So, if a pivot table is the wrong model, what is right? I think the WDMMG
prototype has the right model: one axis for year, crossed with a tree
structure.
Aggregation is subjective
-------------------------
The WDMMG prototype presents the spending for a given year as a tree, and
provides a lovely interface for browsing it. The question arises: what
tree structure to use?
I posit that the answer depends on what you want to use the data for. For
example, if you work for a lobby group that wants to argue that London
gets preferential treatment, then you might want a tree like this:
+- Spending not attached to any region
|
+- Welfare
| |
| +- London
| +- Cornwall
| +- North East
|
+- Civil engineering projects
| |
| +- Motorways
| | |
| | +- London
| | +- Cornwall
| | +- North East
| |
| +- Sports facilities
| | |
| | +- Olympics
| | |
| | +- Other London
| | +- Cornwall
| | +- North East
| |
etc...
However, if you're arguing for more spending on education, you might want
a completely different tree:
+- Education
| |
| +- Primary
| +- Secondary
| +- Higher
|
+- Government debt
|
+- Military
| |
| +- War in Iraq
| +- War in Afghanistan
| +- Trident
|
+- NHS
| |
etc...
The OKF itself might want to provide a view of the data in which the
top-level breakdown is by region. This would serve an audience of local
journalists, campaigners and lobbyists, who care only about their own
region. That would require a different tree structure again.

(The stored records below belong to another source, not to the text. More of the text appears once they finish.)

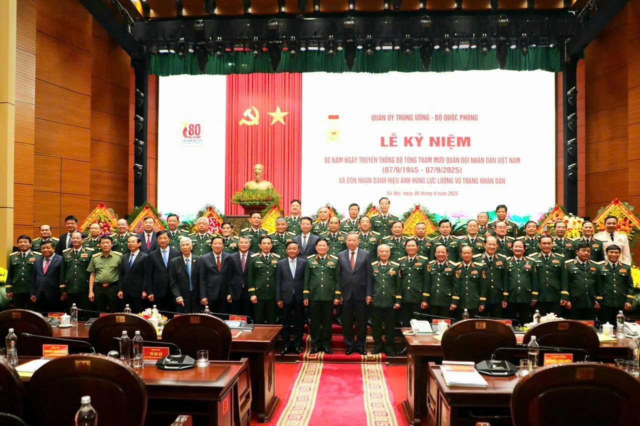 Sáng 6/9, Quân ủy Trung ương, Bộ Quốc phòng tổ chức Lễ kỷ niệm 80 năm Ngày truyền thống Bộ Tổng Tham mưu (BTTM) Quân đội nhân dân (QĐND) Việt Nam (7/9/1945-7/9/2025) và đón nhận danh hiệu Anh hùng Lực lượng vũ trang nhân dân. Tổng Bí thư Tô Lâm, Bí thư Quân ủy Trung ương dự và chỉ đạo buổi Lễ.
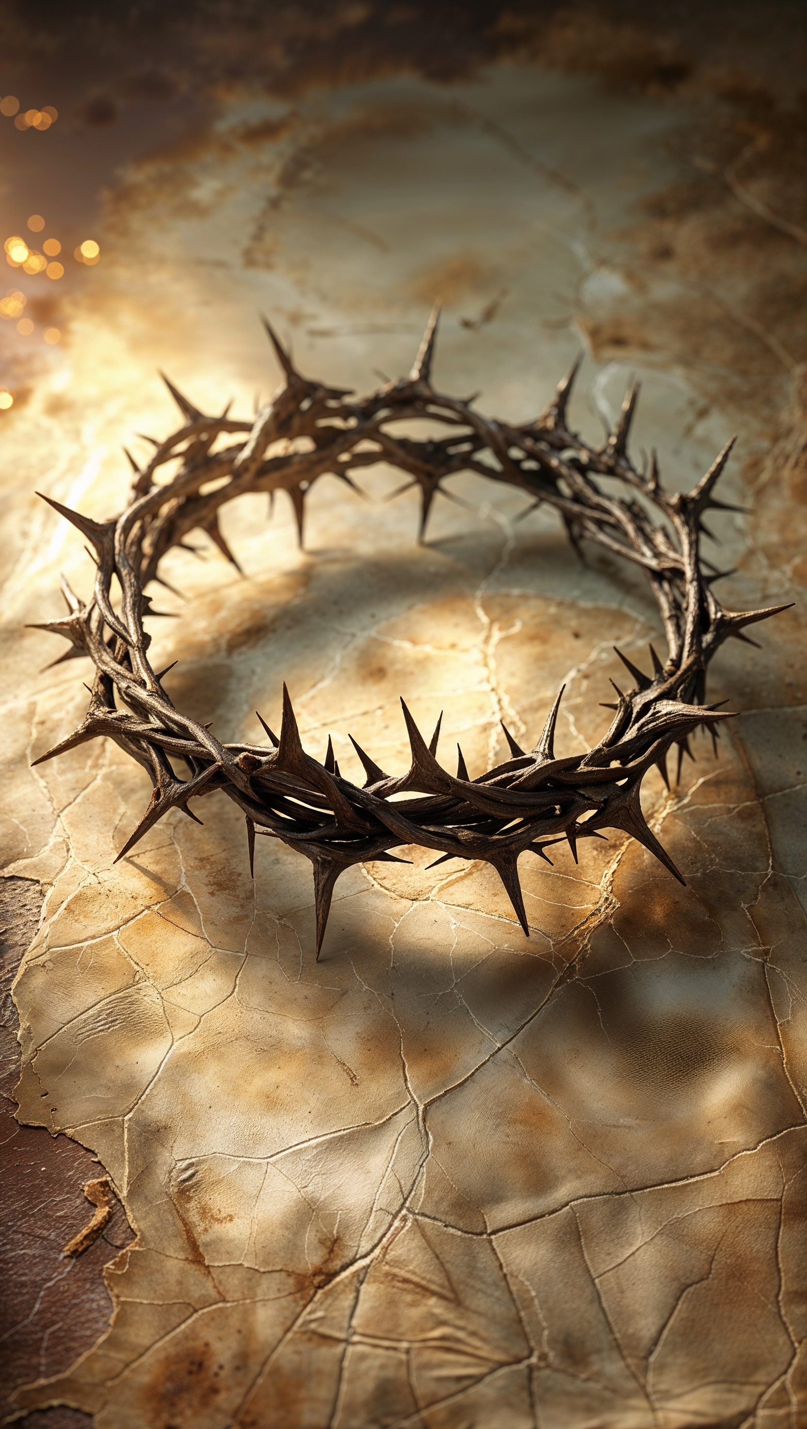 1664x2944 Crown of thorns over a textured parchment background, soft lighting
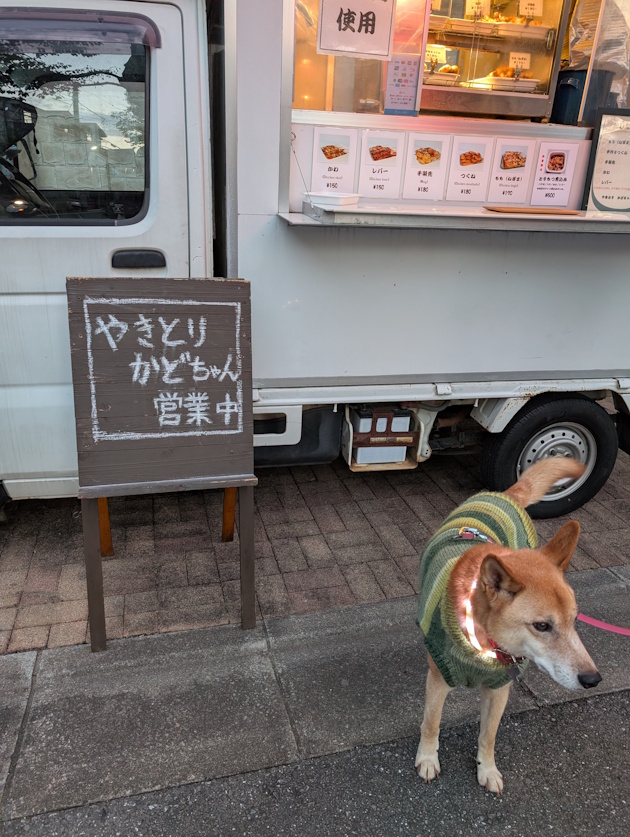 とちゅうで焼き鳥のキッチンカーを見つけ、今夜のおかずの一品に各種1本ずつ購入。
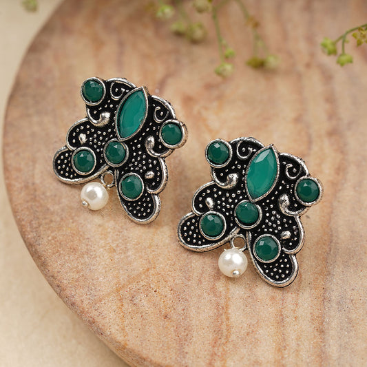 BeadedButterfly stone studded oxidised stud earrings (Green)
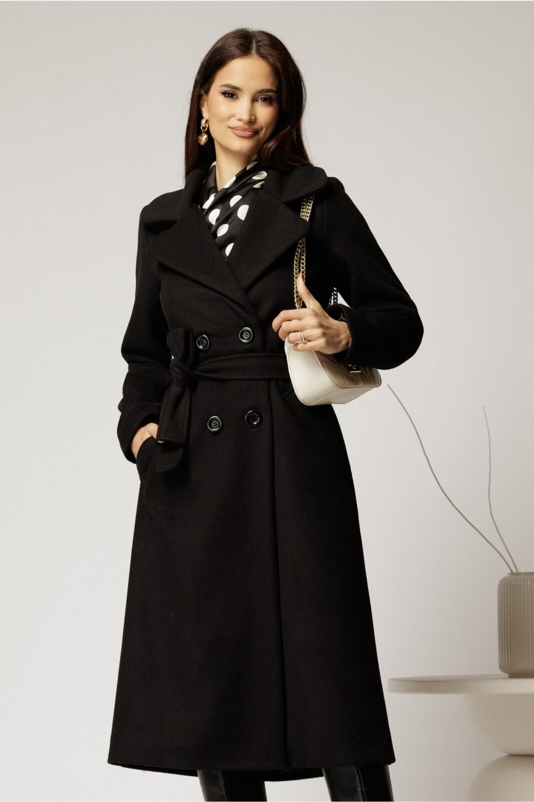Un palton bine ales te poate pune in valoare in orice situatie. Un palton negru midi cu croiul drept, este o alegere excelenta intr-o zi de toamna iarna. palton midi negru de toamna iarna cordon in talie guler cu rever inchidere cu nasturi are buzunare captusit pe interior Material: stofa Compozitie: 100% poliester Fotomodelul poartă mărimea:  S  | Înălțime:  173 cm   Fiecare produs este măsurat individual. Te rugăm să consulți ghidul  de mărimi pentru alegerea corectă a mărimii!
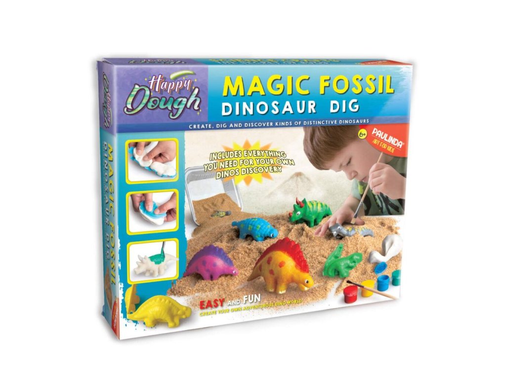 Sada k výrobě dinosauřích odlitků obsahuje: hmotu Happy Dough písek 300 g plastové formičky k výrobě dinosaurů krabičku na odlitky barvičky štětec návod Sada je vhodná pro děti od 6 let.Doplňkové parametry
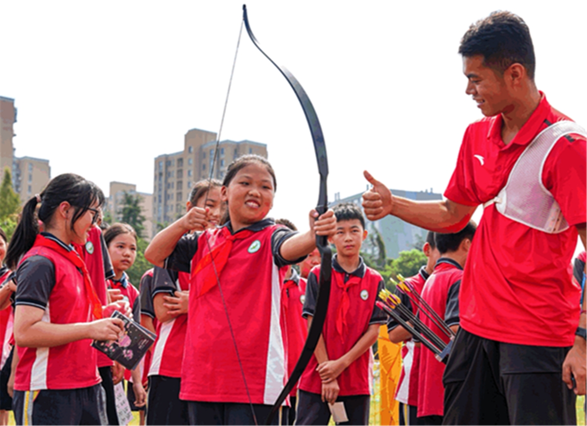 启动仪式结束后,杨倩和学生一起跳绳、打篮球。“参加户外活动,多看一看大自然,也能起到缓解眼睛疲劳的作用。”杨倩说,希望学生们能踊跃投身体育运动,培养一项热爱的体育项目。
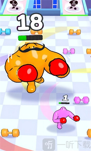 1.运用简单易操作的格斗模式,收集到足够数量的哑铃就能战胜对手。
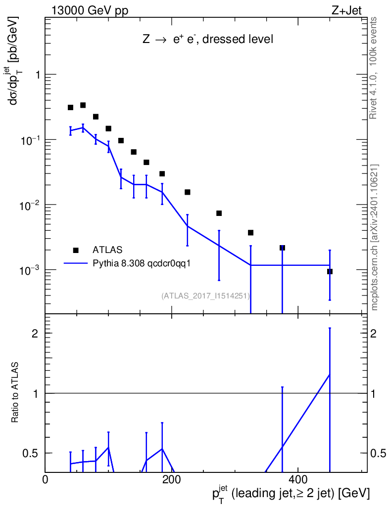 Lines: data, pythia8 8.308 qcdcr0qq1 |

At the absolutely most detailed level, these trees have the same spending
items at the leaves, and as such they are different presentations of the
same data. However, structures of the trees are quite different.
I think we should consider letting users define their own tree structures.
I think it would be valuable to provide a service where anybody can go to
our site, take our data, and present it the way they want it. They can
then get a URL which they can publish on their own site.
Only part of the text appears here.